Based on annual salaries of FRS defined benefit employees, as of June 30, 2008, total contributions for FY 2007-08 were $3,289,467,438 with an overall contribution rate of 13.74%. A 5% new employee contribution would result in a reduction to employer contributions of nearly $1.2 billion, of which $245 million would be realized by the state and the remaining $952 million by local governments.
New employees selecting the defined contribution plan should also be required to remit 5% of their salary as a condition of membership. Assuming the employee composition in the defined contribution plan mirrors that of the defined benefit plan, additional savings of $50 million would be realized of which $10 million would be attributable to the state and the remaining $40 million to local governments.
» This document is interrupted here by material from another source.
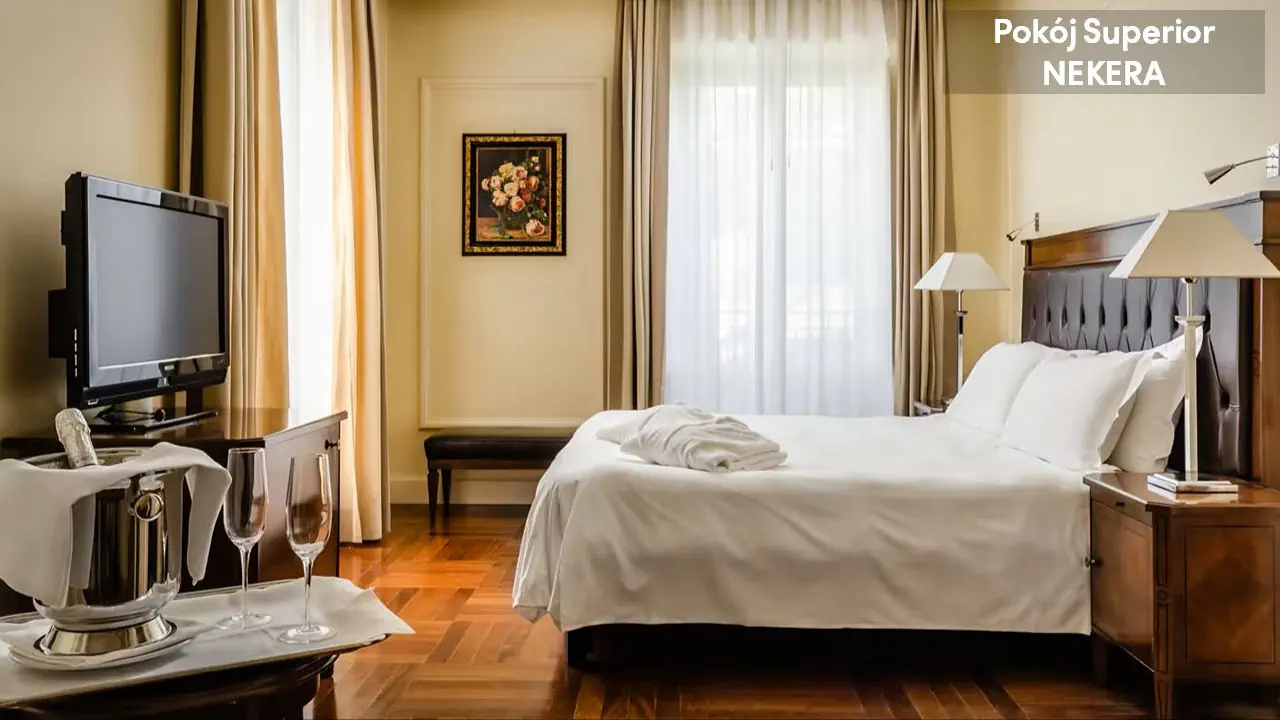 Pokój Dwuosobowy, ok. 20 m², dla max 2 osób dorosłych, łóżko podwójne lub 2 łóżka pojedyncze, klimatyzacja, sejf, TV-Sat., telefon, minibar (płatny, prywatna łazienka (wanna lub prysznic, umywalka, lustro, toaleta, mini kosmetyki, suszarka do włosów). Pokój Superior ok. 24 m², dla max 2 osób dorosłych, łóżko podwójne lub 2 łóżka pojedyncze, klimatyzacja, sejf, TV-Sat., telefon, minibar (płatny, prywatna łazienka (wanna lub prysznic, umywalka, lustro, toaleta, mini kosmetyki, suszarka do włosów), balkon lub taras.

For both plans, employee contributions should be reimbursed upon termination if the employee does not meet the associated vesting requirements.
Combining the $245 million in FRS contribution savings from the defined benefit plan with the $10 million from the defined contribution plan, the total annual savings to the state beginning in FY 2010-11 are estimated to be $255 million. Total annual savings to local governments are estimated to be $992 million.
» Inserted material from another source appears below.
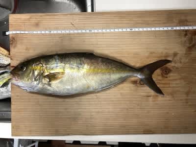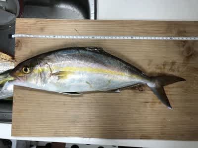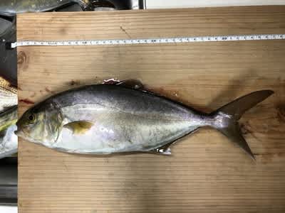 漁礁につきましてタロウさんの一投目、メタルジグにカンパチ2匹

Using 2009 figures, the Florida Senate Committee on Government Oversight and Accountability estimated a $316 million savings for every percent of participants’ salaries shifted towards contribution into the FRS pension fund ($1.58 billion for 5 percent). This number, however, was not broken down to show the share of savings incurred between state and local government.
Recommendation: Amend Chapter 121, Florida Statutes to require employees hired after July 1, 2010, to contribute 5% of their salary as a condition of participation in the FRS.
Tie automatic COLA increase for public pension recipients to inflation with a 3 percent Ceiling.
In 1980, the automatic increase in the annual Cost of Living Allowance (COLA) provided to all beneficiaries in the FRS was limited to 3% of current benefits, but not more than annual increase in the Consumer Price Index (CPI). In 1987, the COLA was established at 3% regardless of the CPI.
Unlike Florida, most public pension plans tie post-retirement increases in pension benefits to CPI. Likewise, Federal Social Security is based on CPI-W - Urban Wage Earners and Clerical Workers. For the period August 2008 - August 2009, the national CPI was -1.9% and the CPI-W for Miami-Ft. Lauderdale was -2.5%. Capping the automatic annual COLA increase to the lesser of CPI or 3% would produce significant long-term savings while bringing Florida into line with other state pension plans and public benefits. The purpose of COLAs is to keep pace with inflation, not exceed it.
As of June 30, 2008, there were 276,252 annuitants receiving benefits payments. The average pension benefit in FY 2007-08 was $16,248.31
Modifying the pension benefit COLA formula to the methodology used prior to 1987 would reduce the amount of benefits paid to retirees by state and local governments by $150 million in FY 2010-11 and would improve the pension plans’ actuarial valuation by reducing the calculated present value of future benefits, which would save the state significantly because a reduction in the present value of future benefits calculations would allow state and local governments to reduce future contributions to the pension plan.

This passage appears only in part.